=== The records ===

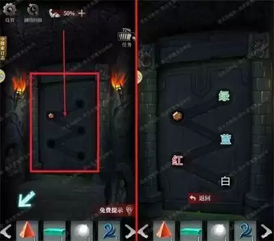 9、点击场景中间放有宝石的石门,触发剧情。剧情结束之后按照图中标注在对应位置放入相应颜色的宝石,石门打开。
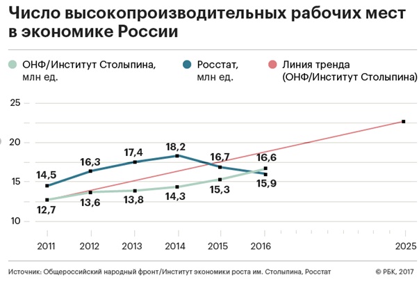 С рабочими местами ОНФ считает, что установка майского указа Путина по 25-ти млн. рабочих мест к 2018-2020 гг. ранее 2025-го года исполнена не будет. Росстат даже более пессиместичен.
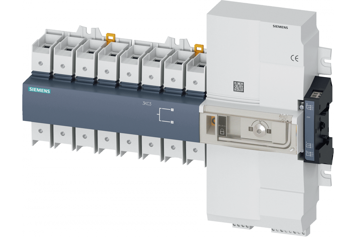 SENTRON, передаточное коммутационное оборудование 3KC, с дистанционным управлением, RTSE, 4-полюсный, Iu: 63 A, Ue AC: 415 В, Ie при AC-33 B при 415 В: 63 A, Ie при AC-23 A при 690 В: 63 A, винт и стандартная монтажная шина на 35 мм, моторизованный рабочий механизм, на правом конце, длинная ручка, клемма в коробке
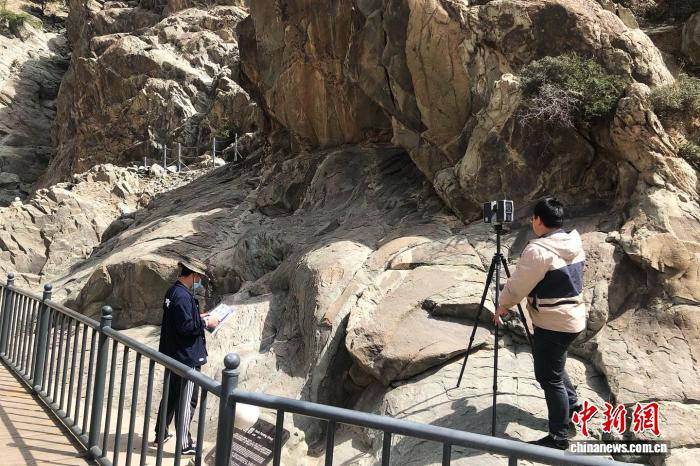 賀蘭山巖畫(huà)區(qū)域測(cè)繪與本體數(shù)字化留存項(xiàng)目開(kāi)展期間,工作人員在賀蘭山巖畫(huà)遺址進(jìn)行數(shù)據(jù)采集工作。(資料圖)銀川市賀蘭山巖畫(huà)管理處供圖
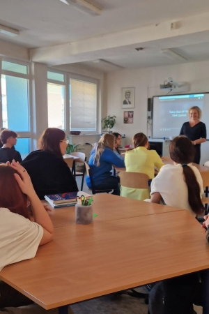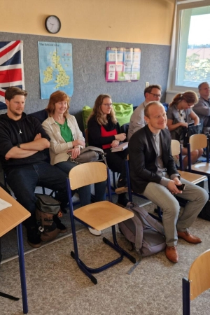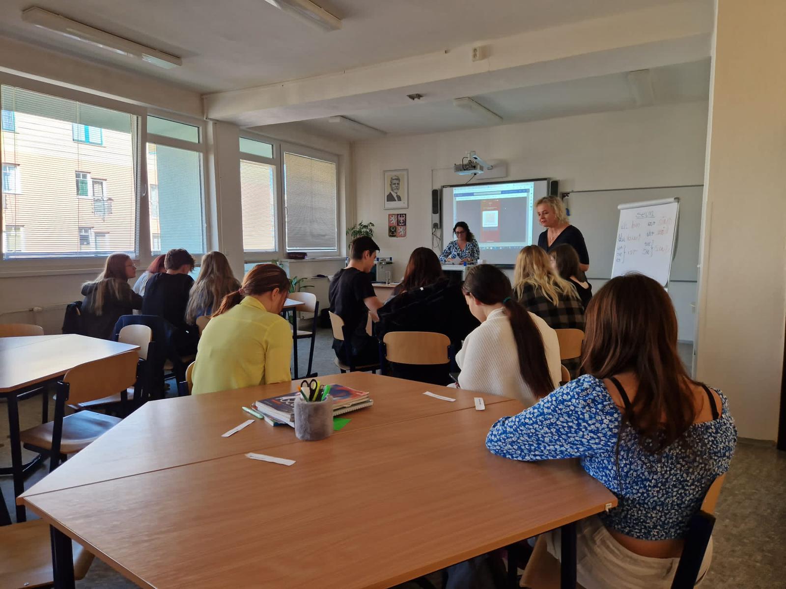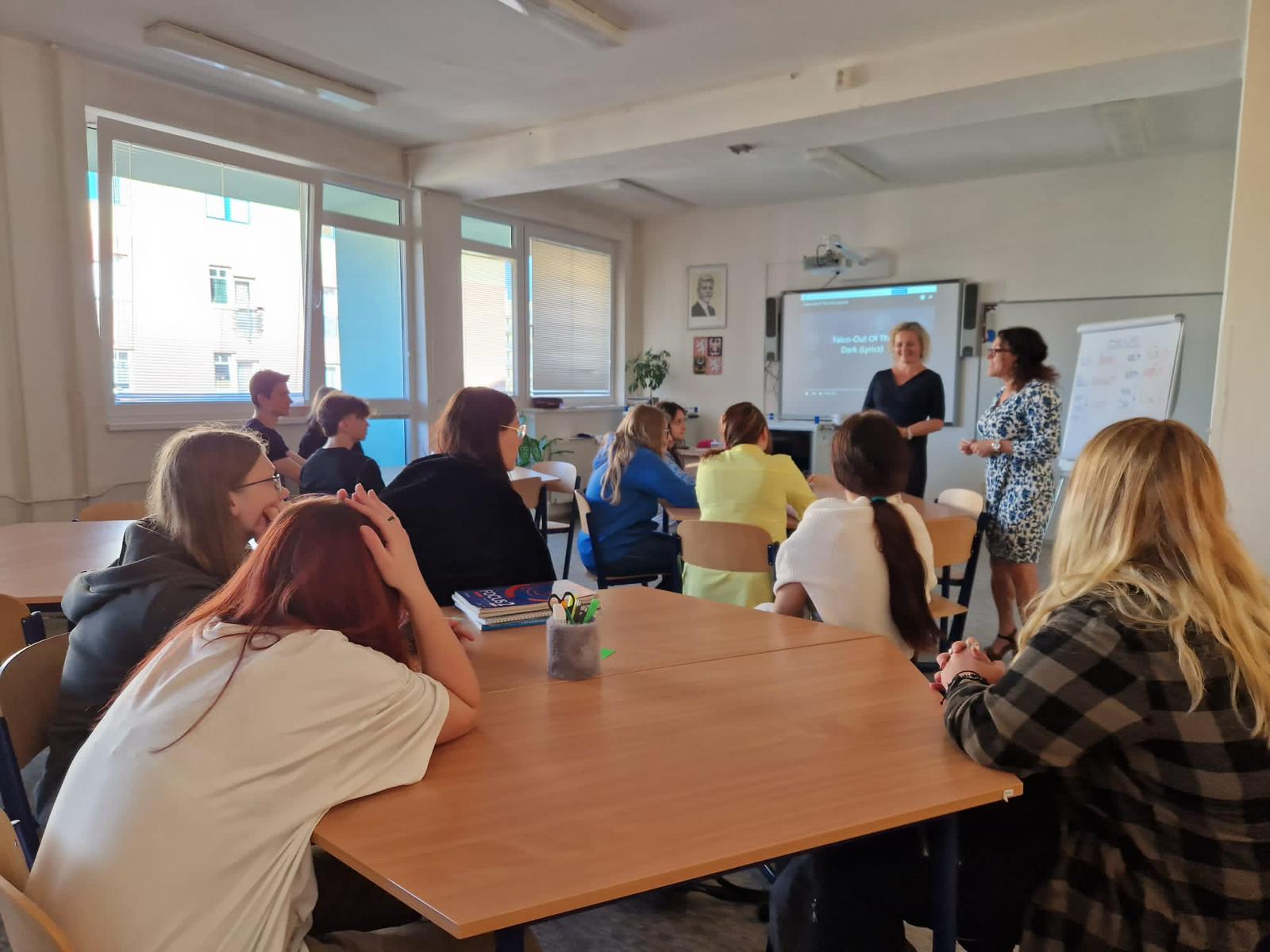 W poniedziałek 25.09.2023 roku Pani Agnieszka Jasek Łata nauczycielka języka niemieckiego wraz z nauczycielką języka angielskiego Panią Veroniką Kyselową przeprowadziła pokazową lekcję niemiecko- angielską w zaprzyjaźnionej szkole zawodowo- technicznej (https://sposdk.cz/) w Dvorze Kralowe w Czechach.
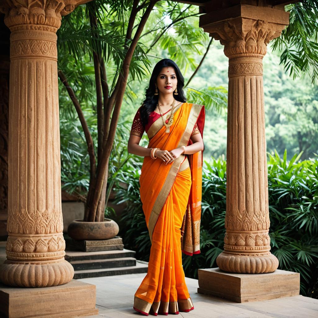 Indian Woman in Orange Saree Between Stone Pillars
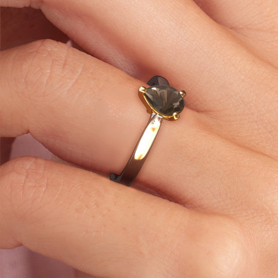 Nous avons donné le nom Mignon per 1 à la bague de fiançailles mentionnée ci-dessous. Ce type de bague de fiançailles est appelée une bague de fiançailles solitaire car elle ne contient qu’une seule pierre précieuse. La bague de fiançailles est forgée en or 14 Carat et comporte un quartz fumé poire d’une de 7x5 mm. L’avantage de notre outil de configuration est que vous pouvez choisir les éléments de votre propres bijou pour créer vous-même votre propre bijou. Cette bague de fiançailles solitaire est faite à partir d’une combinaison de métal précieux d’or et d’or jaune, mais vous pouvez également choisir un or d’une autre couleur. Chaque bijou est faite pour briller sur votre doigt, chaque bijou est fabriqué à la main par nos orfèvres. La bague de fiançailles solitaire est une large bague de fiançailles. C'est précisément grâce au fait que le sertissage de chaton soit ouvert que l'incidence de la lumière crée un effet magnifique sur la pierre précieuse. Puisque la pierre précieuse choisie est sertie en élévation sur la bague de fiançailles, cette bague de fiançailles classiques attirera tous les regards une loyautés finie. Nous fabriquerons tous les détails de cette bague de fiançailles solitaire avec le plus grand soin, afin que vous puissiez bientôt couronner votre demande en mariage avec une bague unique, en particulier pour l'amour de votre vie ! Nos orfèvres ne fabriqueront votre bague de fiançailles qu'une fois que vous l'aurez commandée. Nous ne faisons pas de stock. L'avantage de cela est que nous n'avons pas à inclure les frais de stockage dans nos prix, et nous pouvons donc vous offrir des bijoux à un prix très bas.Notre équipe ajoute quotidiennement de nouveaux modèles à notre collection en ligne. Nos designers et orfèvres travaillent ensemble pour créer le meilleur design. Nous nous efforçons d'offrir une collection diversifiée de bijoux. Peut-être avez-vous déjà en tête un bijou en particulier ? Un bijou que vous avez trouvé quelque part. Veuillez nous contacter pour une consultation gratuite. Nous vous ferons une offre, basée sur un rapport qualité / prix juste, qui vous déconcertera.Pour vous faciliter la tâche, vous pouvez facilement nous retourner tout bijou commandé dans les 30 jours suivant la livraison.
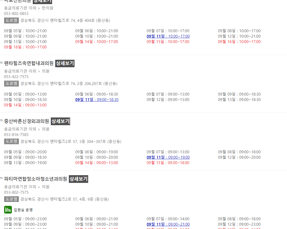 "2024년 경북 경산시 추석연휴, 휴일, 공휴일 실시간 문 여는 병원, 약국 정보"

===
=== The records ===

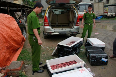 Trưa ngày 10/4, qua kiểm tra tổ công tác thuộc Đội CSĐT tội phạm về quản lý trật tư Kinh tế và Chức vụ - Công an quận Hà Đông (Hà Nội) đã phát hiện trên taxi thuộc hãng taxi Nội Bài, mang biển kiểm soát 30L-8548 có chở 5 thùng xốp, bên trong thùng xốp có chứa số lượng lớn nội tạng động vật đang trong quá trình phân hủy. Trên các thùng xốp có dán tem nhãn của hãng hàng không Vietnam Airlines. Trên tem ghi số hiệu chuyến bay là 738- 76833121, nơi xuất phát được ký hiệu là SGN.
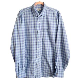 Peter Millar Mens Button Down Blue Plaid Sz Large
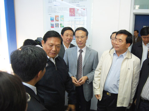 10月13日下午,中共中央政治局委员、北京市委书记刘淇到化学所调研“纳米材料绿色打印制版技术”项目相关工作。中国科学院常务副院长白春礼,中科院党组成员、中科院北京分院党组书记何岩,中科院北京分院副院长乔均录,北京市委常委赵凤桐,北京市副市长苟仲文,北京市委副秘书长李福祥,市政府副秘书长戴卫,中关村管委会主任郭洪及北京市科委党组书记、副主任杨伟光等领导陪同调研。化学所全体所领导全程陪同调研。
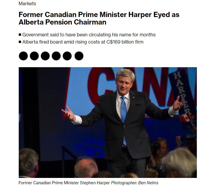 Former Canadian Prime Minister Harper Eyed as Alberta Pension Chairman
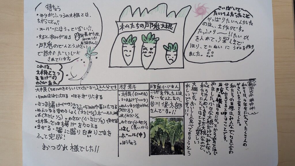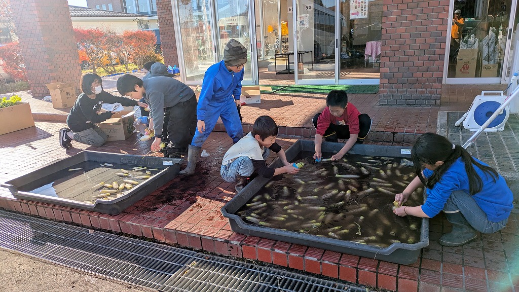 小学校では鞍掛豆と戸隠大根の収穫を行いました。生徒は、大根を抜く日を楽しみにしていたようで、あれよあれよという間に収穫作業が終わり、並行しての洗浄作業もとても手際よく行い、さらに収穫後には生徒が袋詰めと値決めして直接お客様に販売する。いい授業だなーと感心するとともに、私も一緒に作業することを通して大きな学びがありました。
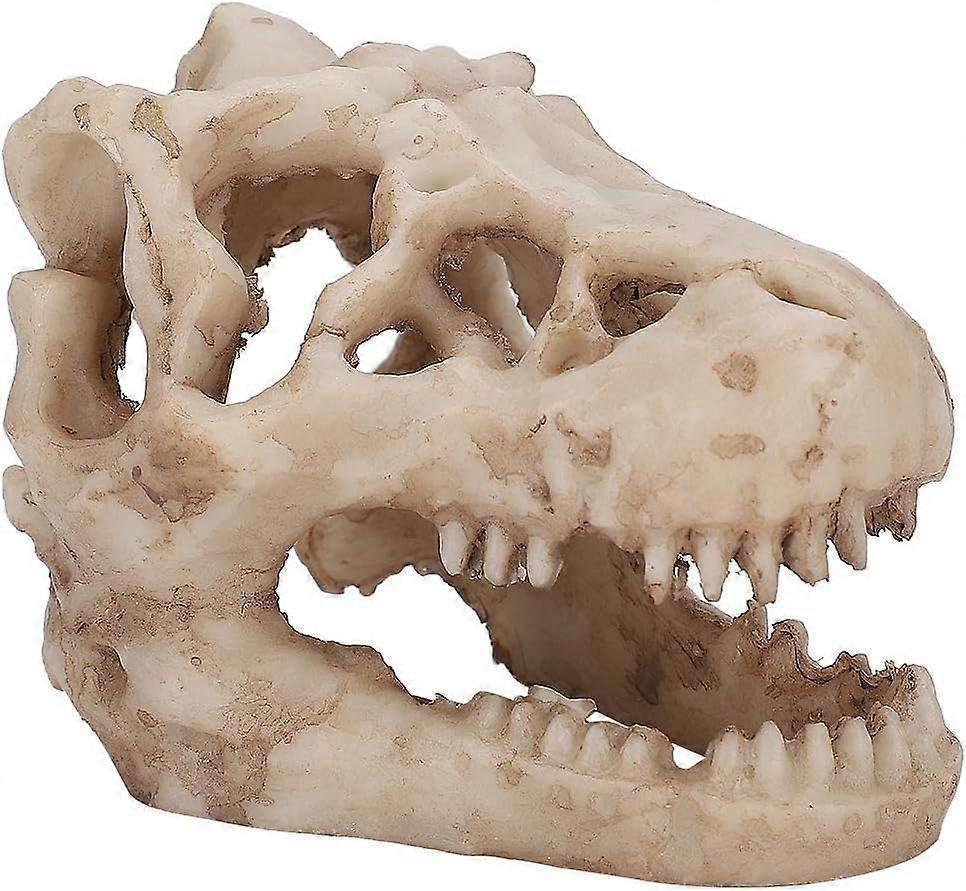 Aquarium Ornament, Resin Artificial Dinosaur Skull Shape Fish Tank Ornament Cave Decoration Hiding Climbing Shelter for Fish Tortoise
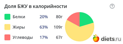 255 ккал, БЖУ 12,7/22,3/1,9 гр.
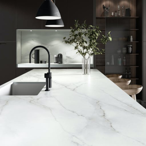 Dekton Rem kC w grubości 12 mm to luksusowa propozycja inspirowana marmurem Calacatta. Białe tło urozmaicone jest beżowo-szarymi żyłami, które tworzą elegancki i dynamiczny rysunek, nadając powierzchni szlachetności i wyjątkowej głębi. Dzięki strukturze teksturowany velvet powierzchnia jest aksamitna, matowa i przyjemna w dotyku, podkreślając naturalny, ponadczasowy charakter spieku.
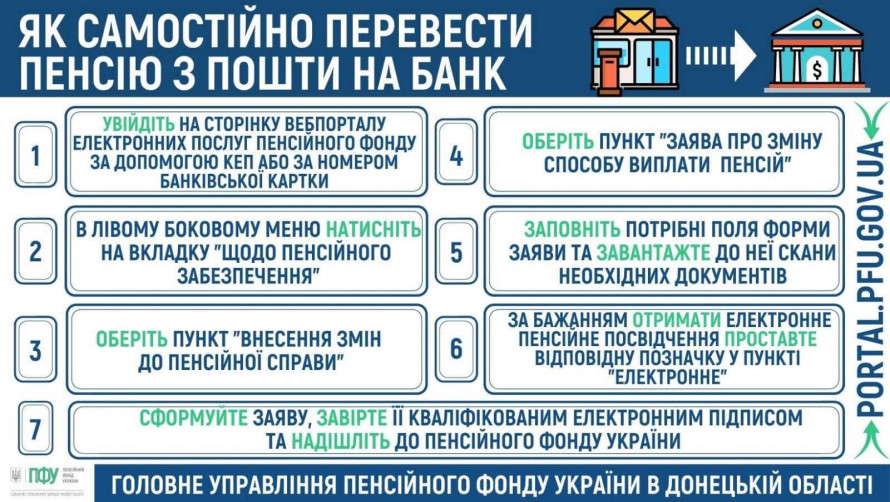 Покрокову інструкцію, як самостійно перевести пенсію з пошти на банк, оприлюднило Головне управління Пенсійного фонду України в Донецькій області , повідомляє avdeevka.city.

===
=== The records ===

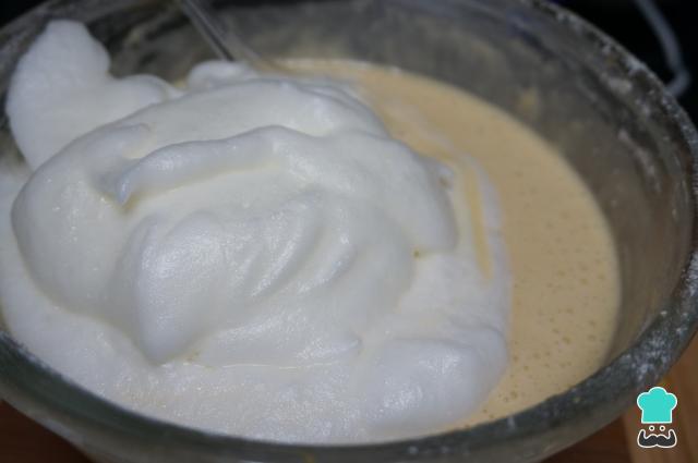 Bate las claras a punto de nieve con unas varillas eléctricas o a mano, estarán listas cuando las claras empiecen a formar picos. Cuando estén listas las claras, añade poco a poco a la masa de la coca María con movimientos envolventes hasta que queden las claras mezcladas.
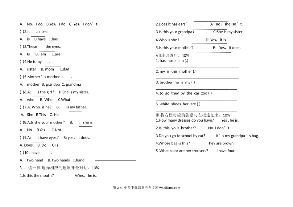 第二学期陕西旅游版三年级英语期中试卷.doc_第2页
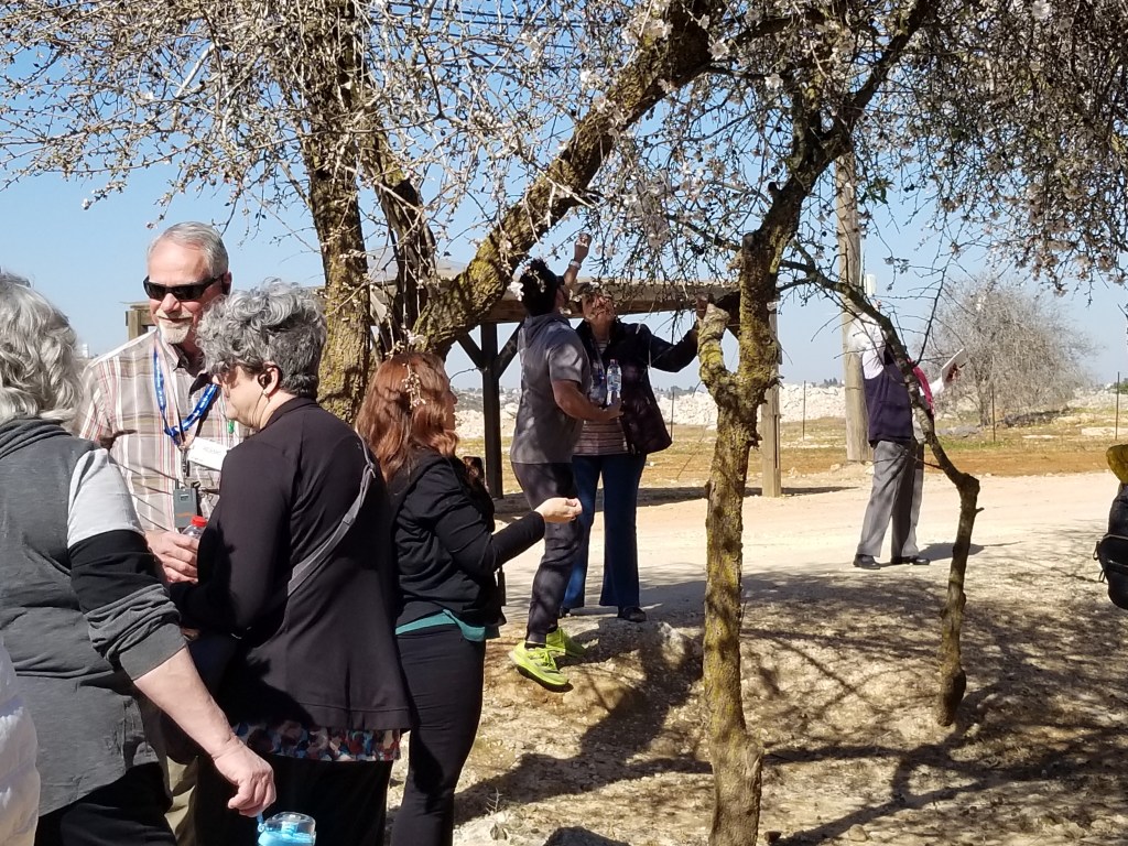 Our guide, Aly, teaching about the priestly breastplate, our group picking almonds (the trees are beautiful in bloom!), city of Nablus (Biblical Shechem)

===

• **Directions**
Take the entries above and copy exactly the lines starting at the one with "9、点击场景中间放有宝石的石" and ending at the one with "賀蘭山巖畫(huà)區(qū"; nothing outside that span, and no pictures.

• **Expected answer**
 9、点击场景中间放有宝石的石门,触发剧情。剧情结束之后按照图中标注在对应位置放入相应颜色的宝石,石门打开。
 С рабочими местами ОНФ считает, что установка майского указа Путина по 25-ти млн. рабочих мест к 2018-2020 гг. ранее 2025-го года исполнена не будет. Росстат даже более пессиместичен.
 SENTRON, передаточное коммутационное оборудование 3KC, с дистанционным управлением, RTSE, 4-полюсный, Iu: 63 A, Ue AC: 415 В, Ie при AC-33 B при 415 В: 63 A, Ie при AC-23 A при 690 В: 63 A, винт и стандартная монтажная шина на 35 мм, моторизованный рабочий механизм, на правом конце, длинная ручка, клемма в коробке
 賀蘭山巖畫(huà)區(qū)域測(cè)繪與本體數(shù)字化留存項(xiàng)目開(kāi)展期間,工作人員在賀蘭山巖畫(huà)遺址進(jìn)行數(shù)據(jù)采集工作。(資料圖)銀川市賀蘭山巖畫(huà)管理處供圖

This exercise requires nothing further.